— Prompt —
In the material below, begin at the line that has "Following the tour, Mr.", stop after the line that has "Theory Mayvine Tierra", and transcribe those lines exactly, without pictures.

— Available data —
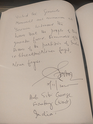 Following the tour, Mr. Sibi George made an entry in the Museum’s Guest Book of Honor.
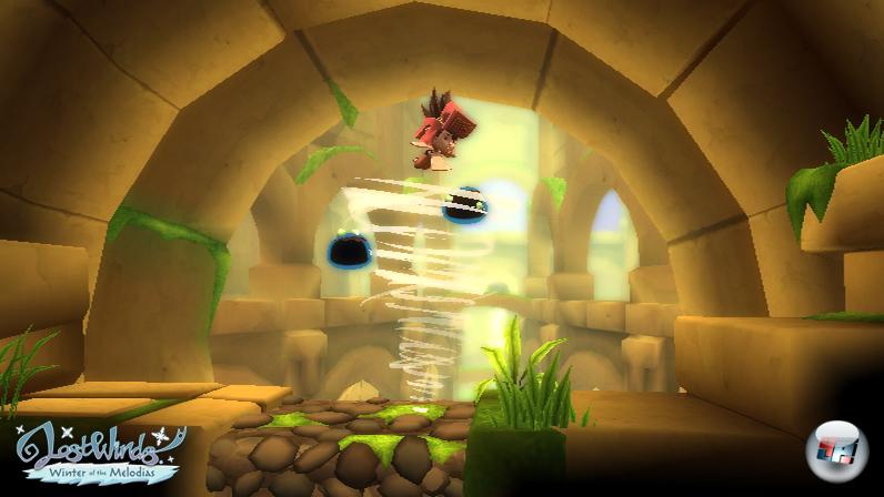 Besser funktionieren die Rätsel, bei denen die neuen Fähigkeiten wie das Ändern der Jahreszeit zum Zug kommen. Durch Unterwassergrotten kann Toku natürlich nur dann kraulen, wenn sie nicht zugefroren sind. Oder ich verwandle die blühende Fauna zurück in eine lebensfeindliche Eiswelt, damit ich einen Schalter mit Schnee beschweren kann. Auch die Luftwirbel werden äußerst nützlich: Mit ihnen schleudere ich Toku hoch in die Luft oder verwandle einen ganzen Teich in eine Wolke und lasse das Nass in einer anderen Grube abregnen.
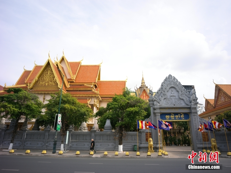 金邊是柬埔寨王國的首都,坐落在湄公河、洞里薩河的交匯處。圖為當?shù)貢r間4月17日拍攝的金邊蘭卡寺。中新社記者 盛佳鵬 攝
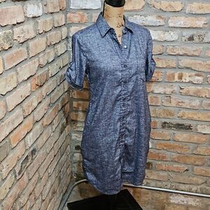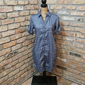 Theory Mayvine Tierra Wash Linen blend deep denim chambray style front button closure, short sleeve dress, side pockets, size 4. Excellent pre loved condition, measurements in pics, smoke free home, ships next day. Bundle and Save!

--

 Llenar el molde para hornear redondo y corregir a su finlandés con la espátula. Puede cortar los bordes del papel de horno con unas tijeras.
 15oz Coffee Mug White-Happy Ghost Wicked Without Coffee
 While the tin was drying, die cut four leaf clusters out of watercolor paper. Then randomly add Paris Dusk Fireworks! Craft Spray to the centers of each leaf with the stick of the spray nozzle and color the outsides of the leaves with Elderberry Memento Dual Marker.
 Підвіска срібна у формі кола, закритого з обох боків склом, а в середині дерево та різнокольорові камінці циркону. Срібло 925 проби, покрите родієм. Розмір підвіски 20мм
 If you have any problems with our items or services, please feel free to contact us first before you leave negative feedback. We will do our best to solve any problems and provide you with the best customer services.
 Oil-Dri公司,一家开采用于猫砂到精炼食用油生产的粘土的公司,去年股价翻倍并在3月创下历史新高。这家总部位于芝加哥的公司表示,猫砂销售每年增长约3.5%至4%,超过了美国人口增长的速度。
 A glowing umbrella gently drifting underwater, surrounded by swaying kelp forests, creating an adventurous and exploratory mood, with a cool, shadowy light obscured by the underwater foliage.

— Response box —
 Following the tour, Mr. Sibi George made an entry in the Museum’s Guest Book of Honor.
 Besser funktionieren die Rätsel, bei denen die neuen Fähigkeiten wie das Ändern der Jahreszeit zum Zug kommen. Durch Unterwassergrotten kann Toku natürlich nur dann kraulen, wenn sie nicht zugefroren sind. Oder ich verwandle die blühende Fauna zurück in eine lebensfeindliche Eiswelt, damit ich einen Schalter mit Schnee beschweren kann. Auch die Luftwirbel werden äußerst nützlich: Mit ihnen schleudere ich Toku hoch in die Luft oder verwandle einen ganzen Teich in eine Wolke und lasse das Nass in einer anderen Grube abregnen.
 金邊是柬埔寨王國的首都,坐落在湄公河、洞里薩河的交匯處。圖為當?shù)貢r間4月17日拍攝的金邊蘭卡寺。中新社記者 盛佳鵬 攝
 Theory Mayvine Tierra Wash Linen blend deep denim chambray style front button closure, short sleeve dress, side pockets, size 4. Excellent pre loved condition, measurements in pics, smoke free home, ships next day. Bundle and Save!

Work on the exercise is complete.